LMDB crash consistency, again - openldap-devel

20 Oct 2014


      This paper 
https://www.usenix.org/conference/osdi14/technical-sessions/presentation/zhe... 
describes a potential crash vulnerability in LMDB due to its use of fdatasync 
instead of fsync when syncing writes to the data file. The vulnerability 
exists because fdatasync omits syncs of the file metadata; if the data file 
needed to grow as a result of any writes then this requires a metadata update.
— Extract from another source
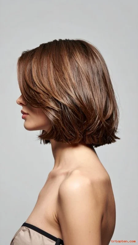 Backcomb lightly at the crown and smooth the surface with fingers. Spray texture mist and pinch sections for a soft lift. This style suits flat crowns and fine hair. It also gives a fresh look when your bob grows out.

This is a well-understood issue in LMDB; we briefly touched on it in this 
earlier email thread 
http://www.openldap.org/lists/openldap-technical/201402/msg00111.html and it's 
been a topic of discussion on IRC ever since the first multi-FS 
microbenchmarks we conducted back in 2012. http://symas.com/mdb/microbench/july/
It's worth noting that this vulnerability doesn't exist on Windows, MacOSX, 
Android, or *BSD, because none of these OSs have a function equivalent to 
fdatasync in the first place - they always use fsync (or the Windows 
equivalent). (Android is an oddball; the underlying Linux kernel of course 
supports fdatasync, but the C library, bionic, does not.)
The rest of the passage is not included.